I.TA. NO.1103/LB OF 1995, DECIDED ON 18TH JUNE, 1995. VS I.TA. NO.1103/LB OF 1995, DECIDED ON 18TH JUNE, 1995.
1995 P T D (Trib.) 1430.
[Income-tax Appellate Tribunal Pakistan]
Before Muhammad Mushtaq, Accountant Member and Muhammad Tauqir Afzal Malik Judicial Member
I.TA. No.1103/LB of 1995, decided on 18/06/1995.
(a) Income-tax---
----Appeal to Appellate Tribunal---Limitation---Ex parte appellate order by the Commissioner was sent to the assessee under Postal Certificate but there was no evidence that the order was ever served on the assessee---Contention of the assessee was that he had shifted from the address where the order in question was sent and in the reassessment order against which the appeal was filed also showed that the assessee had shifted from the address where the appellate order was sent---Held in the circumstances there was no possibility of service of appellate order on the assessee on the address on which appellate order was sent to the assessee---Appeal was thus treated to be in time by the Tribunal---Income Tax Ordinance (XXXI of 1979), S.134(3) & (4).
(b) Income-tax---
----Re-assessment---Essentials---Only ground on which the Income Tax Officer had started reassessment proceedings was that assessee had indicated in the wealth statement that he had completed the house by 30-6-1988---Assessee stated that his previous Authorised Representative, had, under a mistaken view, mentioned the date of completion of house in the said wealth statement as 30-6-1988---Income Tax Officer, however, had completely ignored the other evidence produced by the assessee regarding completion of the house i.e. letter from Sui Gas Authorities for installation of gas and payment of Property Tax-- Effect---H Id, Income Tax Officer, in circumstances, should have examined the evidence so produced by the assessee and should have proved that the evidence produced by the assessee was not correct and actually the house was completed in 1988---Income Tax Ordinance (XXXI of 1979)
(c) Income Tax Ordinance (XXXI of 1979)---
----S. 65---Re-assessment---Original assessment was completed under Self- Assessment Scheme but there was no assessment order available in the record; no notice under S.65 of the Income Tax Ordinance, 1979 was served on the assessee and only IT-30 was found in the record which was not even signed-- Re-assessment initiated by the Income-tax Officer under S.65 of the Income Tax Ordinance, 1979, in circumstances was ab initio void and illegal---Income Tax Appellate Tribunal cancelled the re-assessment order.
Mian Ashiq Hussain for Appellant.
Mrs. Sabiha Mujahid, D.R. for Respondent.
ORDER
This appeal has been 'filed on behalf of Dr. Muhammad Aslam (hereinafter also referred to as the assessee) challenging A.O. No.2004/31, dated 23-2-1994 by C.I.T.(A) Zone V, Lahore.

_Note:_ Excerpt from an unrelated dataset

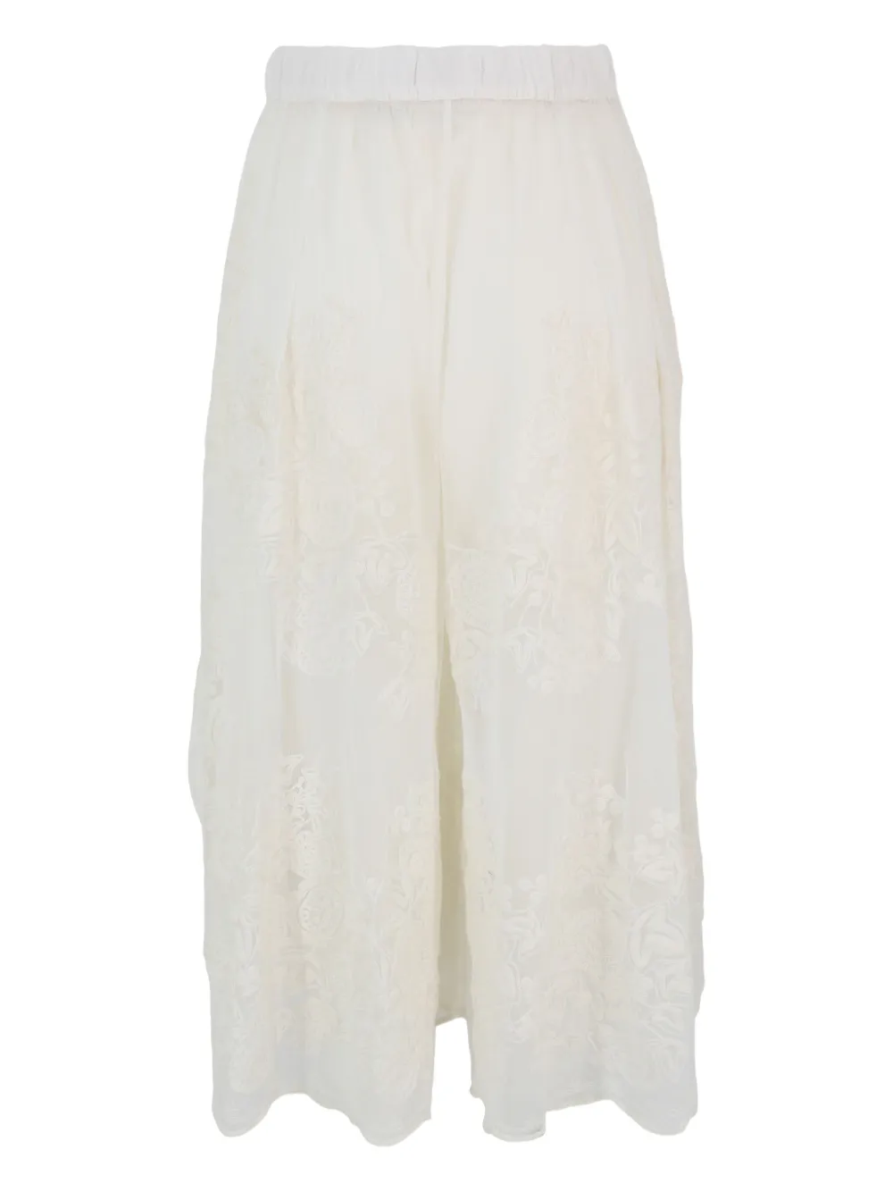 Бежевая цветочная вышивка, расклешенный подол, эластичный пояс, прозрачная ткань

2. The brief facts leading to this appeal are that the assessee in this case is an individual, earning his income from medical profession as a Dental Surgeon. For the assessment year under consideration, the assessee filed income-tax return declaring net income at Rs.35,000 from profession and Rs.40,000 as Agriculture income. Original assessment in this case was completed under S.A.P. However, as per assessment order subsequently during the assessment proceedings for the assessment year 1990-91 the assessee filed wealth statement and reconciliation statement. According to the I.T.O. in this wealth statement the assessee had indicated that the House No.76 Garden Block, New. Garden Town, Lahore as shown to be completed by 30-6-1988. As per assessment order the total covered area of this house was 6157 sq. ft. and the assessee declared cost of construction at Rs.4,25,000. The cost of construction per square foot declared by the assessee was Rs.69 which was considered to be low by the I.T.O. and he issued a notice under section 65 for the assessment year 1988-89. The I.T.O. took the view that the assessee had constructed the house in 1988 because the assessee in the wealth statement as mentioned above had indicated that house was completed by 1988. He adopted the cost of construction at Rs.175 per sq. ft. and made an addition of Rs.652,475 under section 13(1)(6) of the Income Tax Ordinance, 1979 to the other income of the assessee.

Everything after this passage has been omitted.